Clipper update

[Arthur Abraham]

From: _Electronic Engeering Times_ 22-nov-93


U.S. weights Clipper chip alternatives

by GEorge Leopold

Washington -- The clinton administration is readying a new encryption
policy that could help defuse industry opposion to introduction of the 
government developed Clipper chip by embracing commercial technologies as 
alterntives for netword security, according to government and industry
sources.

A National Security Council panel lead by George Tenet, psecial presidential
assistant for intelligence programs, is completing a broad review of 
government encryption policy with an eye toward empolying the Clipper chip,
as well as commercial alternatives, to ensure privacy and security on 
public networks.  Those would include the proposed electronic superhighway,
or National Information Infrastructure (NII).

Tenet could not be reached for comment on the review's status, but a 
U.S. official said last week the results of the seven-month National 
Security Council policy review will be announced soon.

The Clipper chip, backed by the National Security Agency and proposed by 
the Clinton administration in April as a new data-encryption standard, is 
widely viewed by industry critics as a fait accompli, since the spy agency
wants to use it to protect intelligence data.

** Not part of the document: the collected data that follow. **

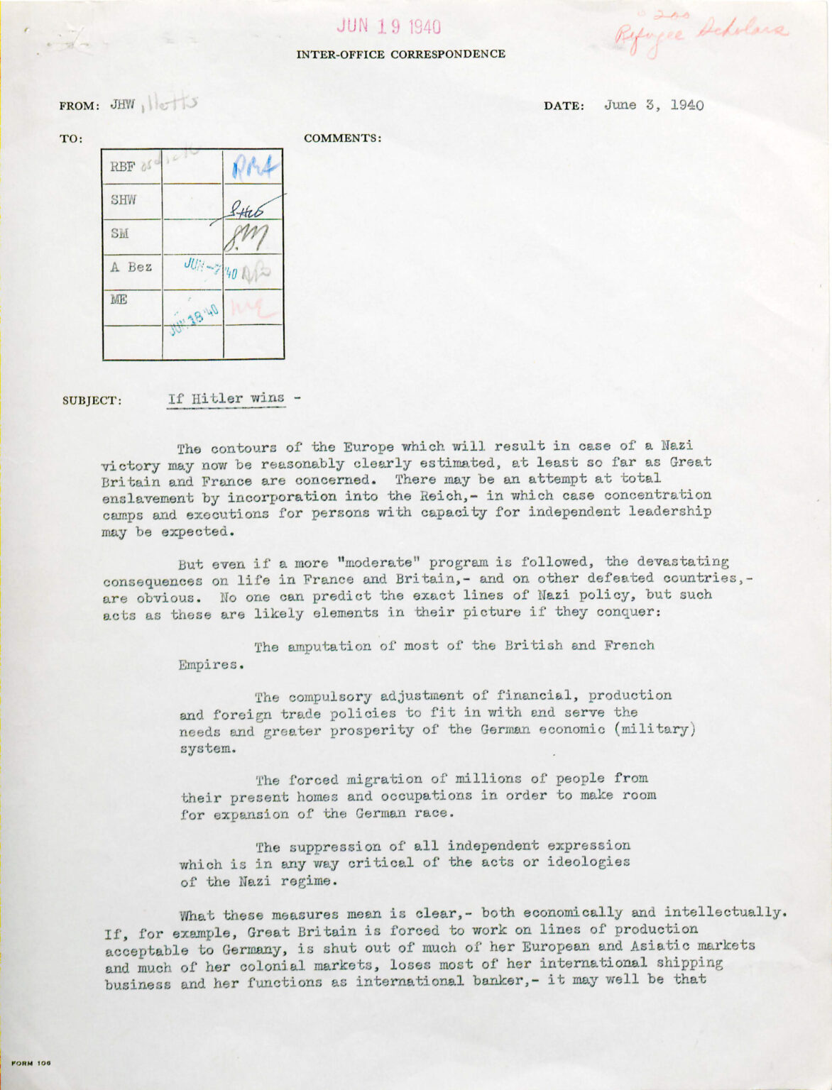 - Joseph H. Willits, “If Hitler Wins,” June 3, 1940
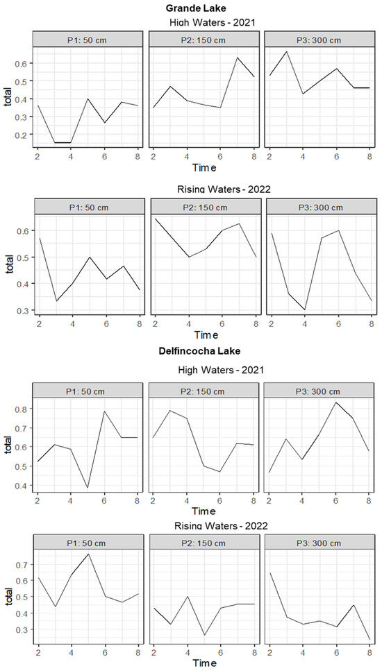 In Delfincocha Lake, drastic variations in the turnover index took place in the three depth strata during the abnormal high waters season (Figure 6), implying significant species replacements at different water depths within a 24 h period. However, these variations were more pronounced at 300 cm, where the turnover index ranged between 0.4 and over 0.6. This pattern persisted and became even more pronounced during rising waters. In contrast to Grande Lake, we did not find similar zooplankton species turnover patterns between seasons, indicating that variations in this lagoon are more stochastic.
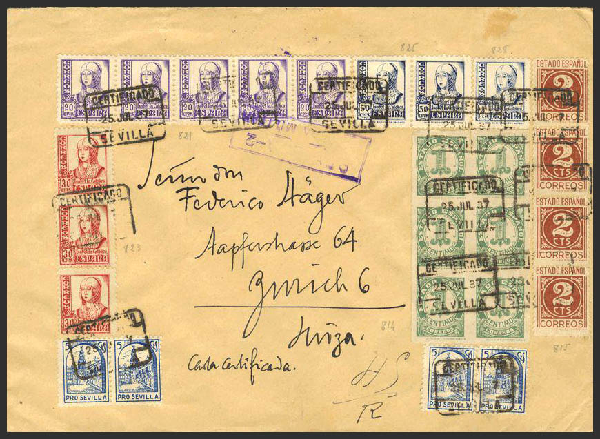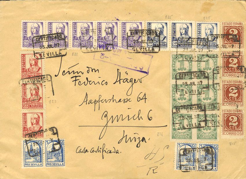 Estado Español Correo Certificado. Al dorso llegada. MAGNIFICA Y RARISIMA.
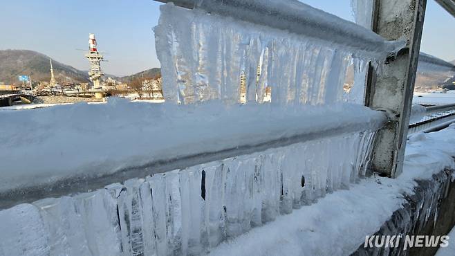 아침 기온이 영하권으로 뚝 떨어진 26일 오전 2025 화천산천어축제가 열리게 될 강원 화천군 화천천 인근에 고드름이 얼어있다.
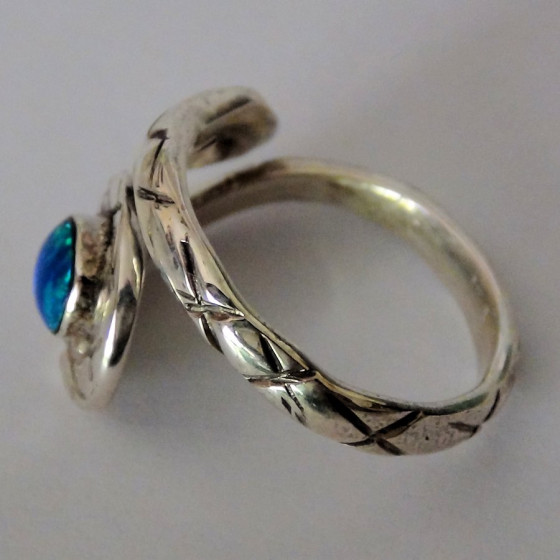 Ring in Sterling/925 zilver, versierd met een handgebeitelde slang en een halfedelsteen cabochon, waarvan u de kleur kiest bij het bestellen.
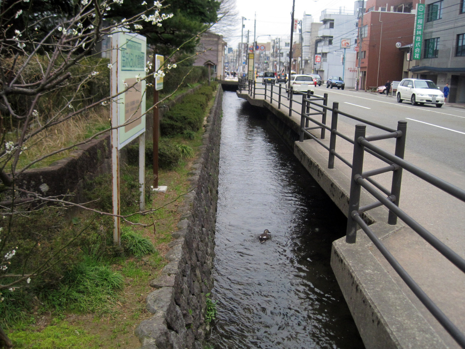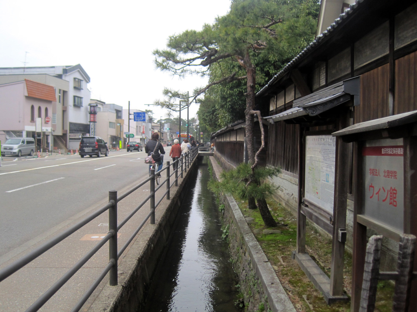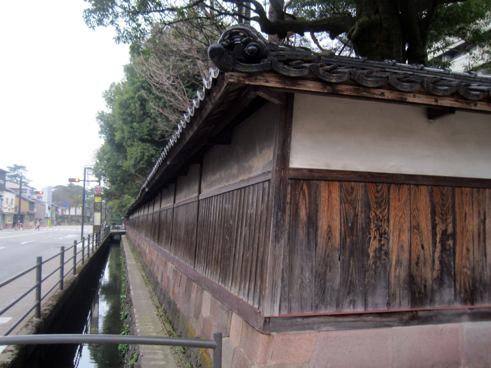 そうすると板塀がずっと続いています,中は金沢医療センターですから,きっと最先端の病院! 実は,ここは辰巳用水って・・・歴史的な街並みというか,でした。

Asked in an interview last Monday whether the policy review would result in
modification of the Clipper chip proposal, Micheal Nelson, special assistant
for information technology in the White House Office of Science and Technology
Policy, acknowledged the need to consider other encryption technologies for
network security, including software solutions.  He also said the government
should have sought greater industry participation before proposing the 
Clipper chip.

"Clipper is not a sliver bullet, it's not even a brass bullet," Nelson
said, "It's only one approach."

He added, "If we don't address these [network security] issues, people
won't use the NII."

Nelson said last week the National Security Council review was designed 
to bring industry and Congress into the process of looking for commercial
solutions, besides Clipper, to the network-security issue.  Industry groups
said last week they have contributed to the review, which began shortly
after Clipper was proposed.  The review is expected to result in a decision
on how to implement Clipper.

A decision on how to proceed with the Clipper proposal was scheduled for 
Sept. 1 but was delay in response to a recommendation from a private-sector
advisory group to the Commerce Department.

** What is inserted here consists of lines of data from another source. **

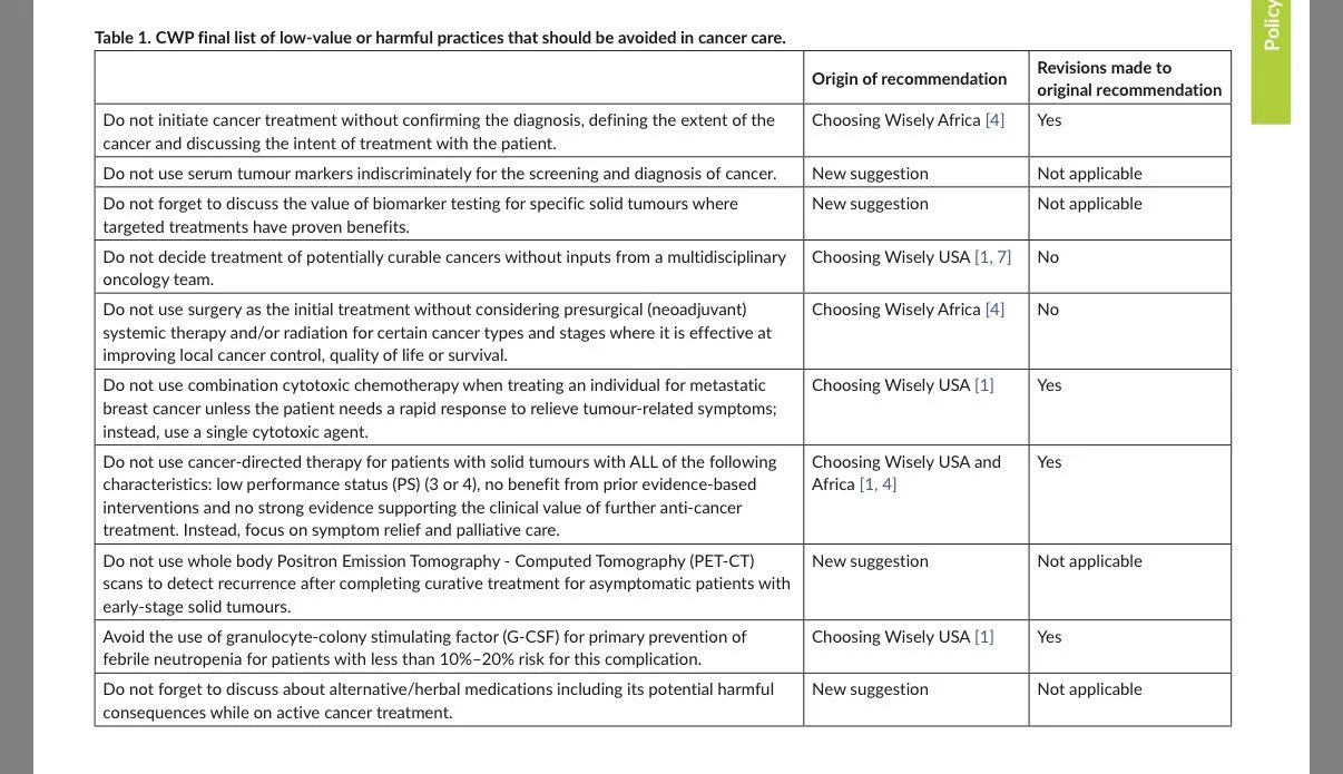Title: Choosing Wisely Philippines: ten low-value or harmful practices that should be avoided in cancer care
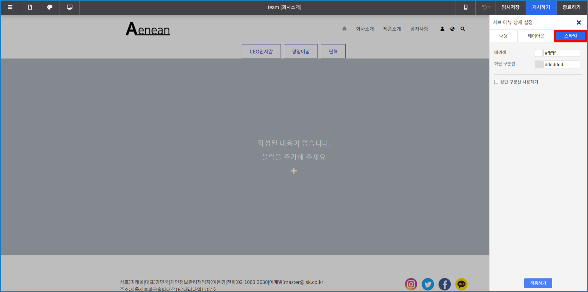 | 배경색 | 서브메뉴 영역의 배경색을 설정합니다. |
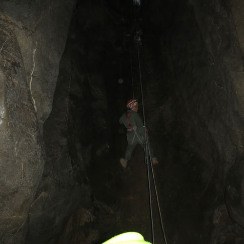 پس از تقریبا ۲ متر قائم به صورت پاندول در آمد که تا ۱۰ متری غار به همین ترتیب ادامه داشت که از یک کلاهک بسیار جالب تشکیل شده بود. پس از آن بقیه مسیر فرود به صورت کاملا پاندول تا انتهای غار که حدودا ۳۵ متر بود رسید. کف غار دارای خاکی نرم و مساحتی حدود ۶۰ متر مربع بود دارای هوایی کاملا مطبوع و دیواره های بسیار زیبا و دیدنی که عظمت غار را دوصد کرده بود، داشت. بر روی سنگهای کناری تعدادی خفاش و در بیشتر قسمتها مگسهایی که فاقد چشم بودند و سخت خود را سنگ چسبانده بودند، مشاهده کردیم.
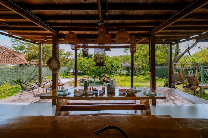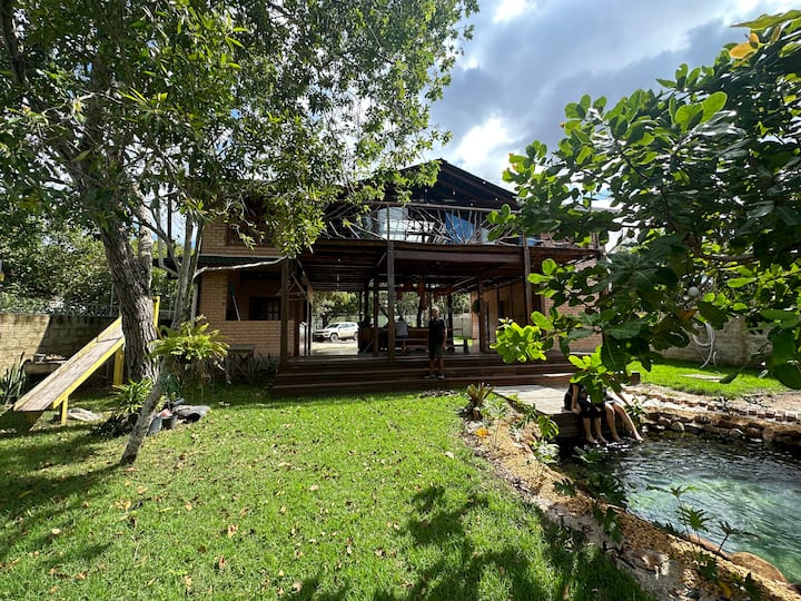房子有质朴的概念,木质,明显的砖块和生态屋顶,有湖景,邀请房客感受到这个宁静环境不可分割的一部分。 这里是家庭团聚的理想场所。 从后门可通往雅孔达湖( Lake Jacundá ) ,前门可通往Jacundá海滩2号( Jacundá beach 2 )。

Clipper, which scrambles telephone conversatinos using an encryption 
algorithm called Skipjack, is at the heart of an adminstration initiative
annoumced in April on secure telecom networks and wireless communication
links.  Forced to balance the interests of campanies and private citizens with 
nation-security needs, President Clinton ordered a comprehensive review of
U.S. encruytion policy addressing:

* Privacy, including the need for voice and data encryption to protect
proprietary business data.

* The ability of federal law-enforcement officials to tap phones and 
computers.

* The employment of modern technology to build the NII, including encryption
technology needed to protect proprietary information transmitted over the 
information superhighway.

* The need for American companies to build and export high-technology 
products to boost U.S. competitiveness.  U.S. companies may offer encryption
as a feature in software sold in the United States, but are prohibited from
including encryption software in commercial software exports.  Proponents 
of decontrolling encrypted software argue that restrictions are useless 
because encryption technology is widely available (see Oct. 18, page 18).

Acknowledging industry's concerns, the initiative also includes creation
of a key-escrow system to ensure the Cliper chip would be used to protect
privacy. (A Commerce Department official said last week the government 
has dropped the Clipper moniker, referring to it instead as the "key-
escrow chip," out of convern for possible trademark infringement.)

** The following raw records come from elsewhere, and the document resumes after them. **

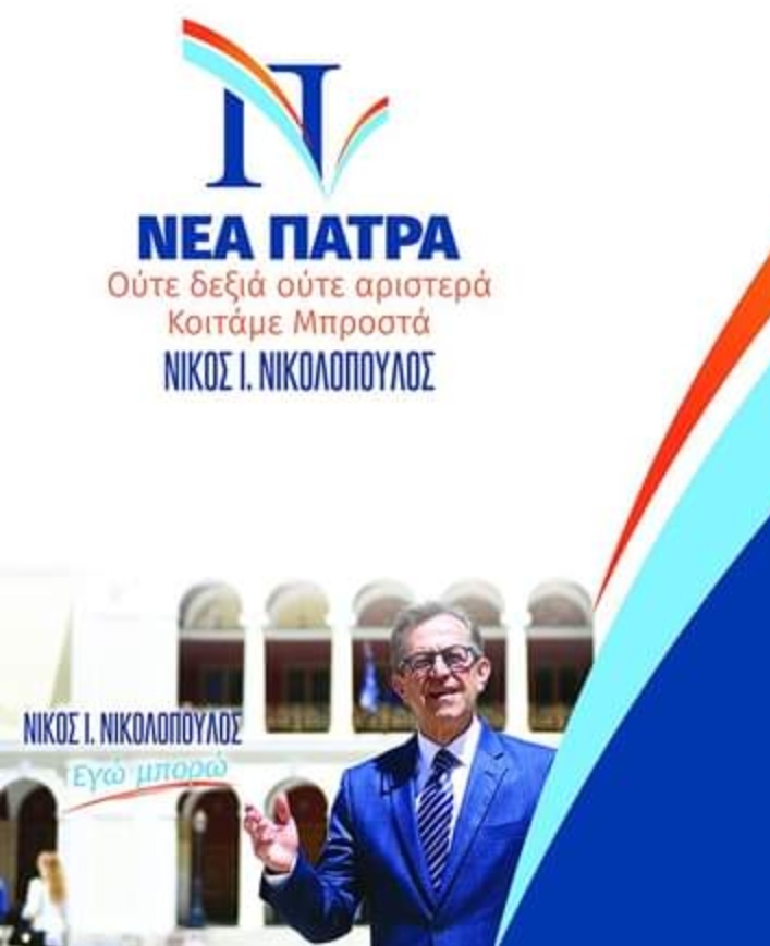 Ως επικεφαλής της Δημοτικής Παράταξης «ΝΕΑ ΠΑΤΡΑ» εύχομαι στους επικεφαλής των Δημοτικών Παρατάξεων «ΠΑΤΡΑ ΕΝΩΜΕΝΗ», «ΠΑΤΡΑ ΣΠΟΥΔΑΙΑ ΚΑΙ ΠΑΛΙ» και «ΣΠΙΡΑΛ» (τυχαία η σειρά αναφοράς), Καλό Προεκλογικό Αγώνα και Επιτυχία στον κοινό μας στόχο, για την 3η Απελευθέρωση της Πάτρας από την από την Λαϊκή Υποκρισία του ΚΚΕ, την Οπισθοδρόμηση και τη Μιζέρια».
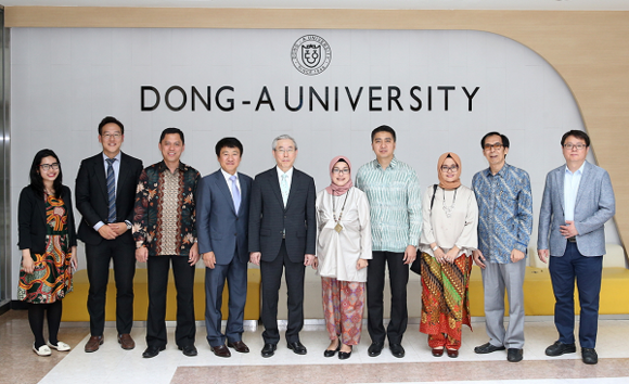 ▲23일 동아대 부민캠퍼스에서 협정 체결식 후 문철주(왼쪽 네 번째) 국제교류처장, 최형림(왼쪽 다섯 번째) 경영대학장 및 인도네시아 STIE Ekuitas 대학 관계자들이 기념촬영을 하고 있다. (사진=동아대)
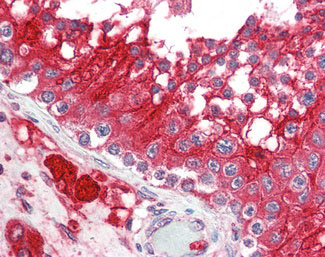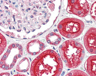 Immunofluorescence of ACE2 in Human Kidney cells with ACE2 antibody at 10 ug/ml.
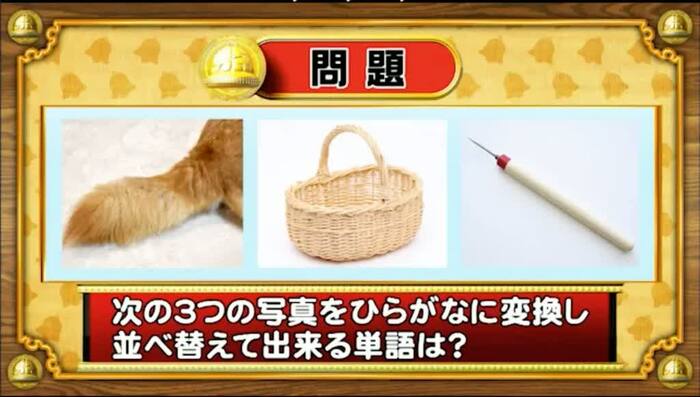 最初は「脳ミングアップクイズ」から、シャッフル写真の問題。次の3つの写真をひらがなに変換し、並べ替えて出来る単語は何でしょうか?
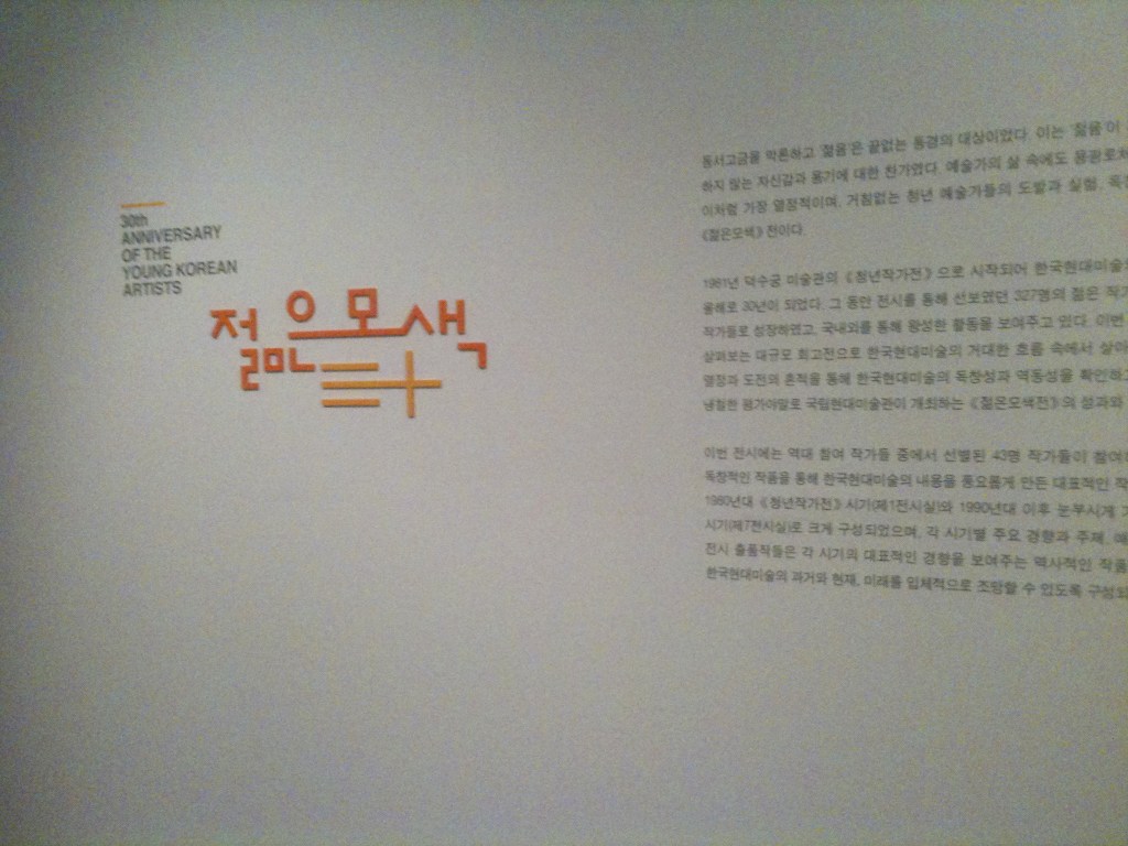 民主化以降、韓国現代美術を国際化させる政策が国家的にも取られ、国立現代美術館もそうした観点のもと仕事を行ったこと、またそれに加えて美術作家らも、1989年の海外渡航自由化やその後のグローバリズムという時代の波を巧みに利用し自ら挑んでいったという意味では、1980年台と1990年代の様相はかなり異なる。そのため、展示室は1980年台(青年作家展時代)と1990年台以降(若い模索展時代)に分けられている。

Devices incorporation the chip would have two unique software keys government
investigators would need to decode encoded messages.  TWo key-escrow data
banks would be overseen by a pair of independent agencies designated by the
Justice Department and the White House.  A decision on which agencies will
oversee the detabases has not been made, Commerce spokeswoman Anne Enright 
Shepherd said last Wednesday.

According ot a White House statement announcing the encryption policy, "We
need the Clipper chip and other approaches that can both provide law-abiding
citizens with access to the encryption they need and prevent criminals from
using it to hide their illegal activities."

Despite the administration's insistence that Clipper and the rest of the 
encryption policy are voluntary efforts, many U.S. high-tech companies
have opposed it (see June 21, page 28).  Instead, they want policy makers
to retain the ubiquitous federal Data Encryption Standard (DES) and use 
other public-key encryption technologies, such as RC-2 and RC-4.  DES
uses a 56-bit key while Clipper employs an 80-bit key.

Clipper "was forced upon [the Clinton adminstration] before they had a 
chance to evaluate its impact," Bruce Heiman, a Washington attorney 
representing the Business Software Alliance, said last Tuesday.  "NSA
sold them a bill of goods."

The policy review means "they realize that Clipper has problems... but they
don't want to rule it out entirely," Heiman said, adding that industry
would accpet Clipper as one alternative to network security only if it 
is part of a truly voluntary program that includes public-key encryption.